Here's the remarkable thing. I'm here another year to watch my peonies unfold. Soon I'll get to see the hydrangeas cheer on the yard with their pink and periwinkle and white pom-poms. Again. So I sing a little song as I dig around in the dirt:"You can't always get what you plant/You can't always get what you plant/But if you try some time/You just might find/you get what you seed...yeah yeah...you get what you seed.

And just like that April is over. It has been a BIG month involving a BIG and beautiful shift in my reality that, at the moment, I am not ready to share publicly. But it's a really really really good change, miraculous even, and it has nothing to do with cancer. I hope to be able to write about it here, or in some other way sometime soon, but right now, I'm sitting with my new reality in a quiet all-to-myself kind of joy, which feels like the right way to be just now.

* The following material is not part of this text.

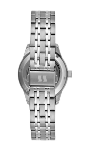 A caixa em aço inoxidável na cor prata, com 41 mm de diâmetro, apresenta proporções equilibradas e construção robusta, garantindo presença elegante no pulso sem exageros. A pulseira sólida em aço, com elos clássicos, complementa o visual técnico e estruturado, oferecendo conforto e segurança para o uso diário.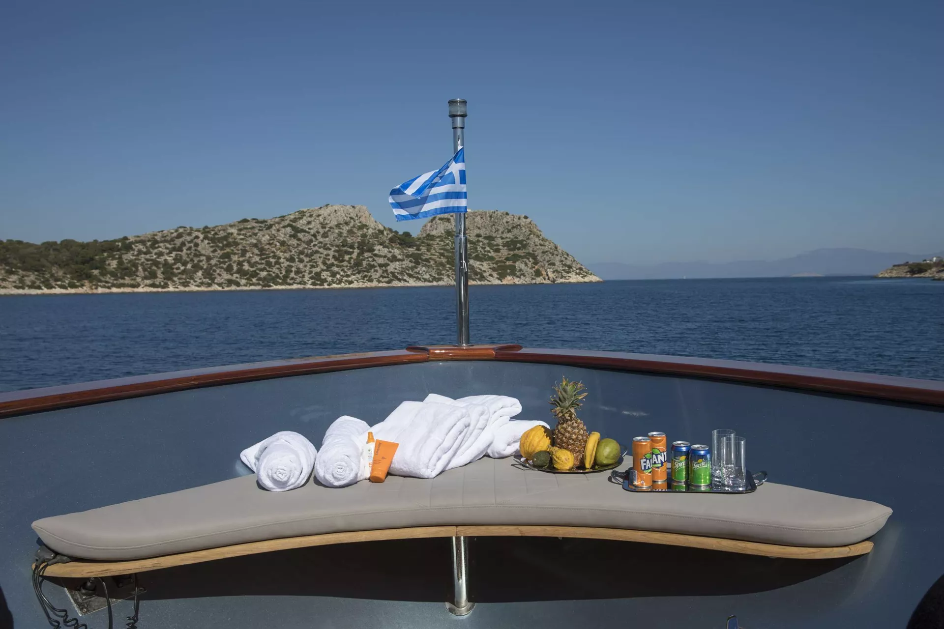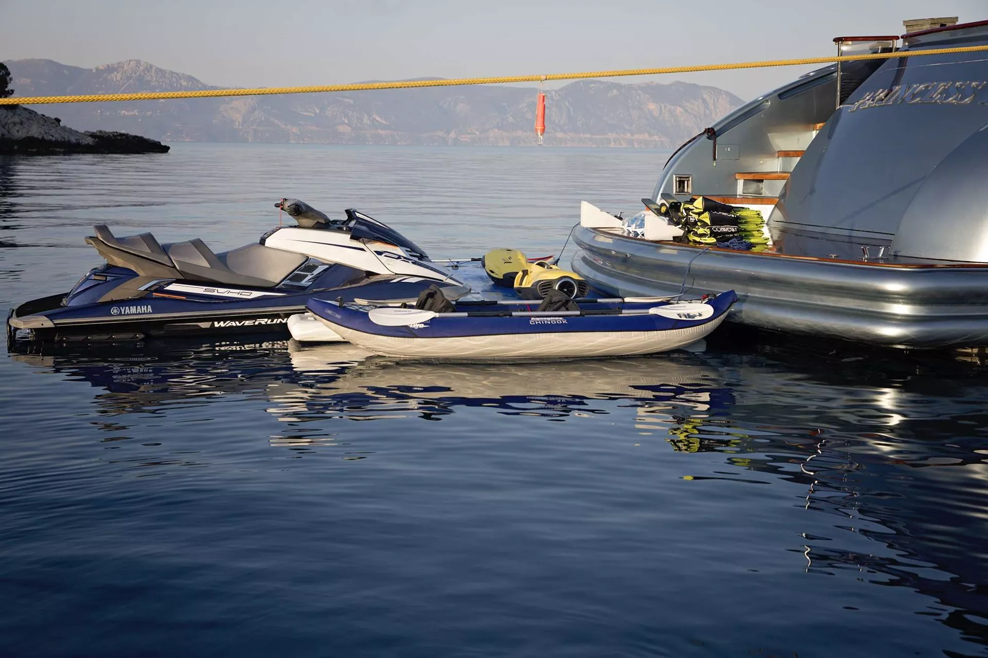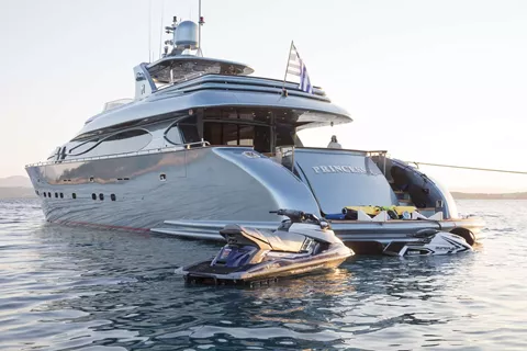 Guests can relax across spacious deck areas, from the sun pads forward to the inviting aft deck and flybridge, or enjoy easy access to the sea via the swim platform. PRINCESS L also boasts an impressive selection of water toys, ensuring endless fun on the water throughout the charter.

That said, I also don't have any cancer news to report about myself, anyway. I had to reschedule scans, which were supposed to happen this past week, but didn't, because I came down with a nasty bout of covid. That was no damn fun. Thankfully, the antiviral has worked pretty well, and I made a pretty quick recovery except for a lingering cough, a constant low grade headache, and fatigue. Husband got it too and is recovering. Each day is better than the one before.

So, stay tuned for May, for news of those upcoming scans, and a bit of news on the cancer advocacy side of things. The ROS1ders have some things brewing for the coming months, and it's gonna be GREAT!

Thank you for your continued love, prayers, and support.